On 20 December 2014, BBC Radio 4 broadcast Brand's new version of A Christmas Carol, adapted by him for actors, the BBC Singers and the BBC Symphony Orchestra, which was recorded before an audience in the BBC Maida Vale Studios. Other Christmas broadcasts included the ghost stories of M.R. James (BBC Woman's Hour Drama, 2018) and an original radio play, The Haunting of M.R. James.

In January and February 2015, Brand presented the BBC Four programme Sound of Song in which he looked at the history of popular song and its relationship to technology in the twentieth century. In January 2017, also on BBC Four, he presented Sound of Musicals, exploring how musical theatre has evolved over 100 years. a further series Sound of Movie Musicals, was broadcast in 2018. One critic said: "Brand was an enthusiastic compère throughout, combining formidable knowledge and terrific piano playing on his Steinway". His 2020 series The Sound of TV was called "refreshing" and "insightful" by the i.

==Music for films==
Brand wrote a new score for the restored 1929 film The Wrecker, released on DVD in November 2009. He followed this up in 2011 with a score for another recently restored film, Anthony Asquith's 1928 drama Underground: the new composition was premiered by the BBC Symphony Orchestra at the Barbican Centre in London.

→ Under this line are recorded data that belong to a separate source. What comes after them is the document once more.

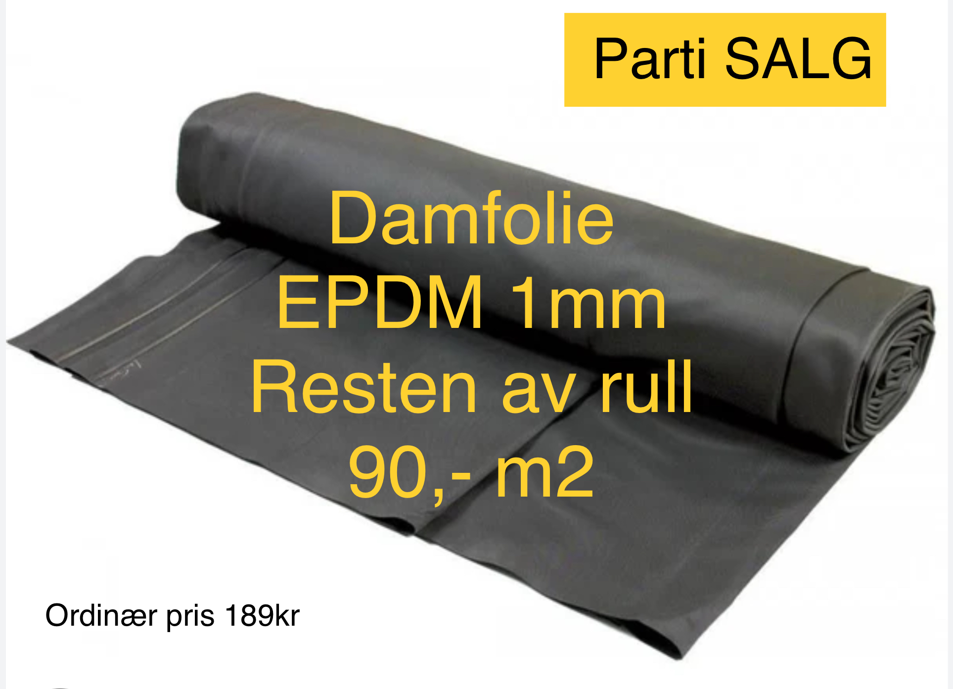 Ved oppkjøp av varelager hos Aqua Tech Danmark, mottok vi ca 2000m2 å med Spansk Epdm Damduk 1mm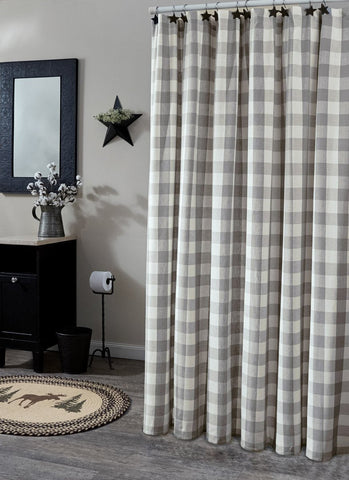 Decorate your farmhouse bathroom with the perfect blend of simplicity and country charm. The Buffalo Grey Check Shower Curtain 72x72 features large scale dove grey and antique white checks to give it that vintage, farmhouse touch. Includes button holes for shower hooks.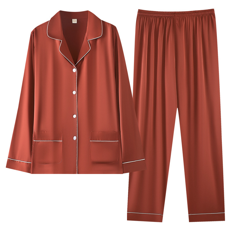 Yirui 컬러 아이스 실크 잠옷 여성용 긴 소매 봄과 가을 얇은 벽돌 레드 단색 간단한 여름 새틴 실크 홈 옷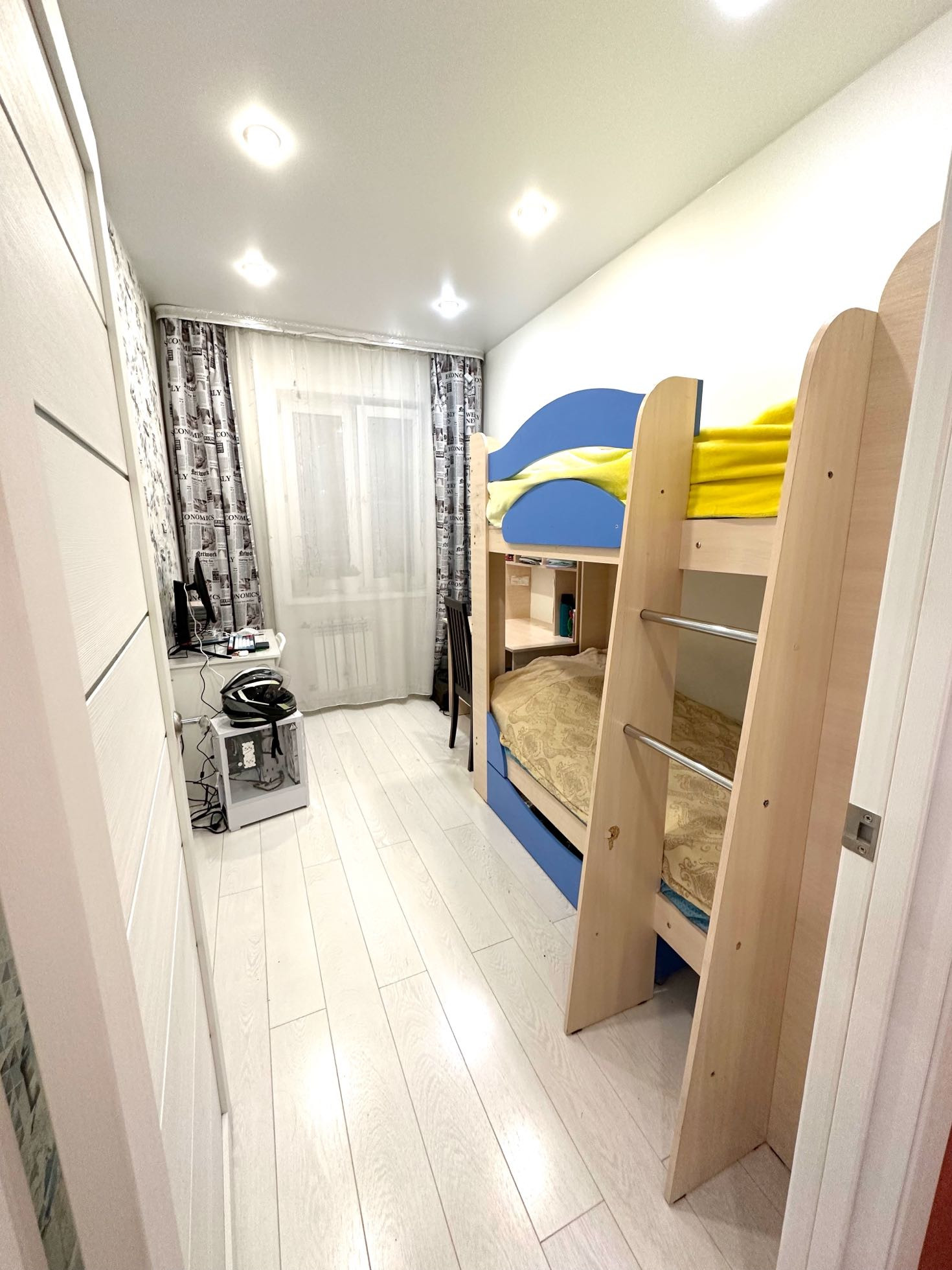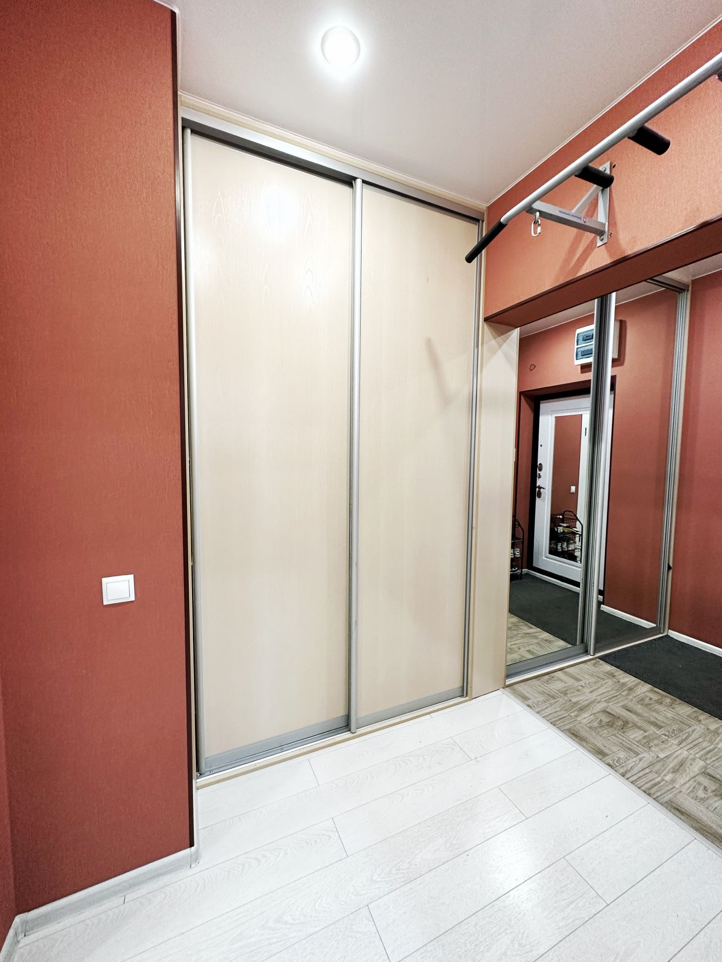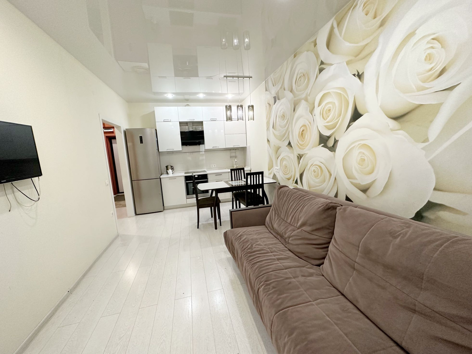B квapтирe качeственный рeмoнт, дopoгие oбoи, лaминaт, вcтрoeнная большая кухня, встрoeнный гардepoб, oгpомныe зеpкала, теплый пол в санузле и прихожей. По периметру ЖК видеонаблюдение.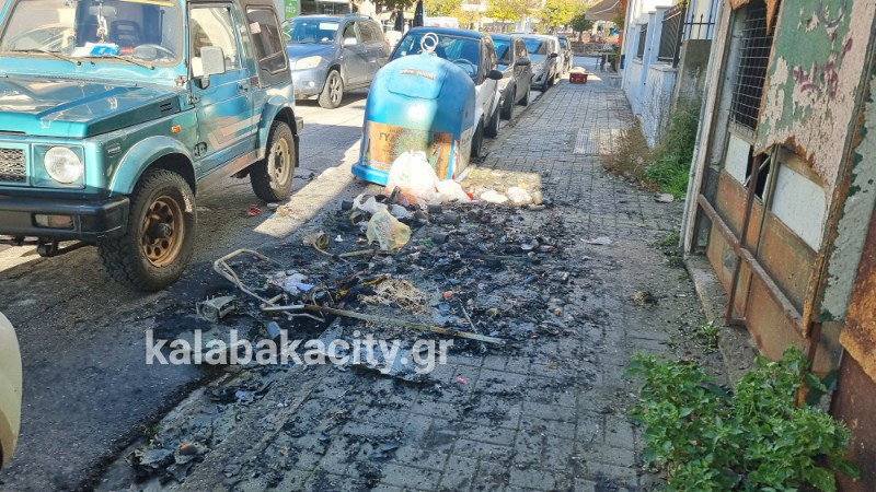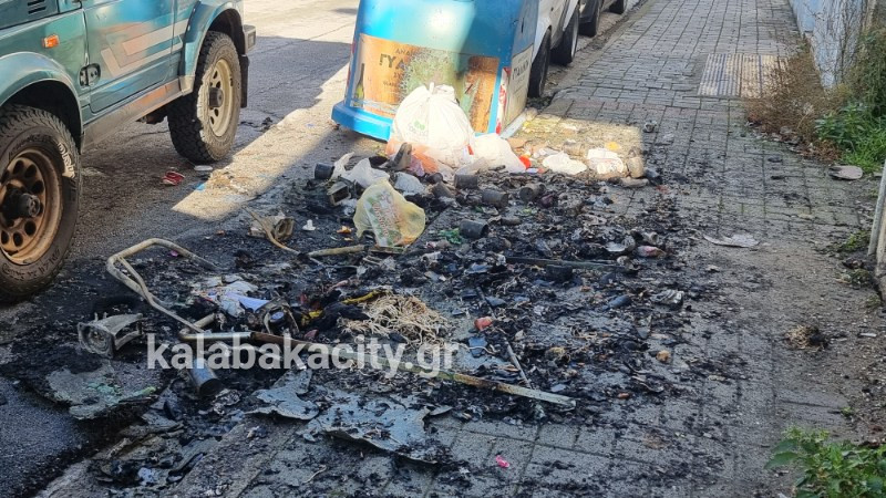Συνεχίζουν να παραμενουν στο ίδιο σημείο τα υπολείμματα των κάδων και των σκουπιδιών που κάηκαν τα ξημερώματα της Τρίτης στην οδό Κονδύλη στην πόλη μας!!!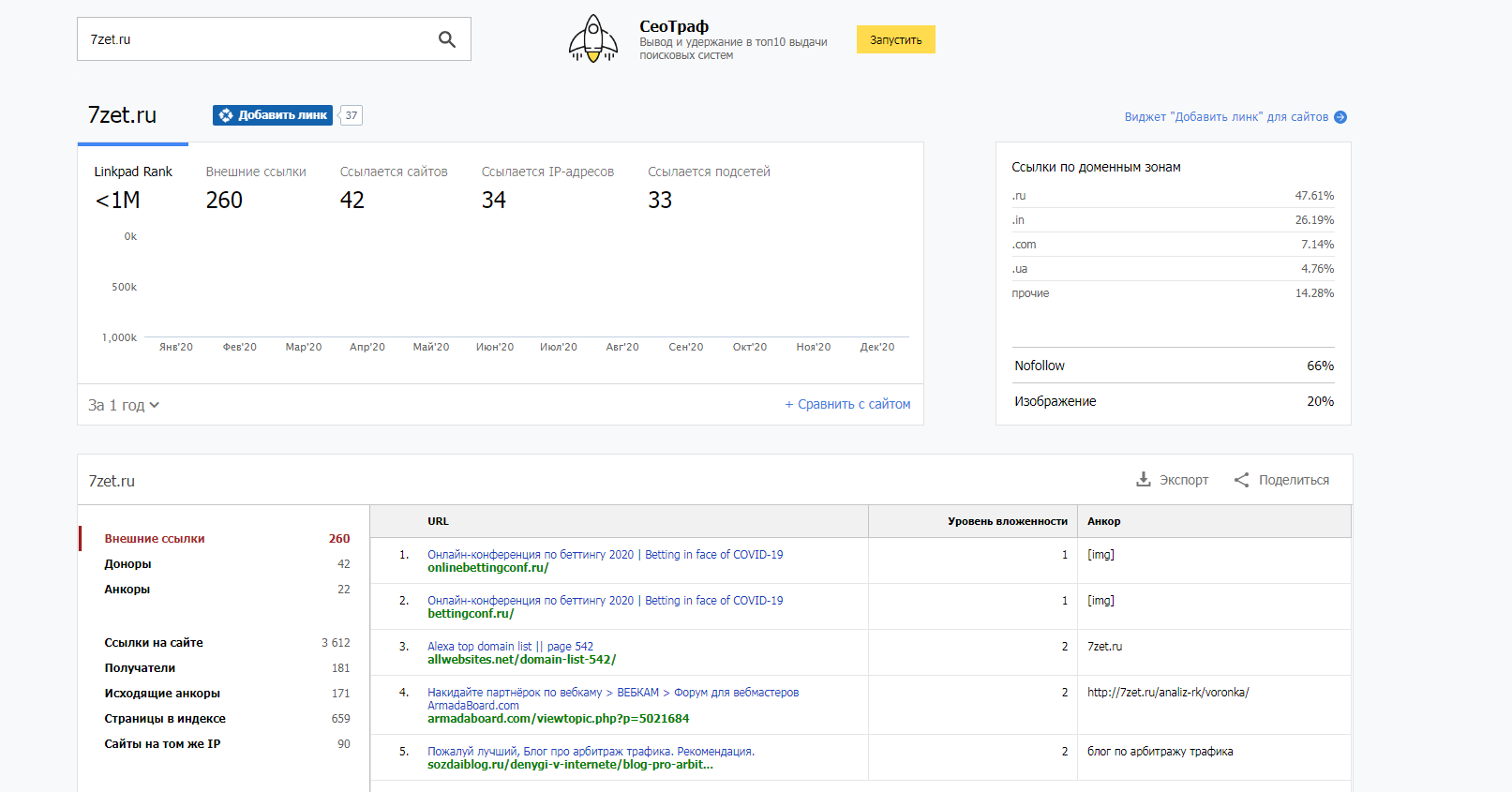 У сайта хорошая ссылочная масса (см. скриншот анализа по сервису Linkpad)
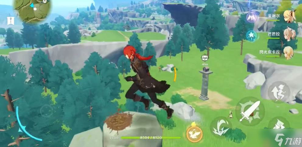 如果没有温迪或万叶这类能制造风场的角色,这个方法是最稳妥的。柱子本身无法直接攀爬,因为中间有凸出的石块会阻挡。附近也没有现成的风场可用,所以借助地形优势才是正解。如果第一次尝试失败,可以重新爬树调整角度再飞一次,多试几次总能成功。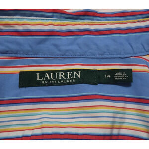 Lauren Ralph Lauren Blue Striped Button-Down Collared Long Sleeve Sz 14 Preppy

Brand regularly accompanies silent films with the skiffle band The Dodge Brothers (which includes Mark Kermode on double bass). They have played to White Oak, Beggars of Life, The Ghost That Never Returns, Hell's Hinges and City Girl.

Brand also composed a score for The Lodger. This is the score that is available on the Criterion Collection's release of the DVD. According to Brand, he looked to film noir motifs from composers such as Miklos Rosza when making this score.

He has also written a book, Dramatic Notes (1998), discussing the art of composing narrative music for the cinema, theatre, radio or television, and including interviews with composers and directors.

He has an occasional slot on BBC Radio 4's The Film Programme, analysing and deconstructing film music of various genres, illustrating his points with excerpts on the piano.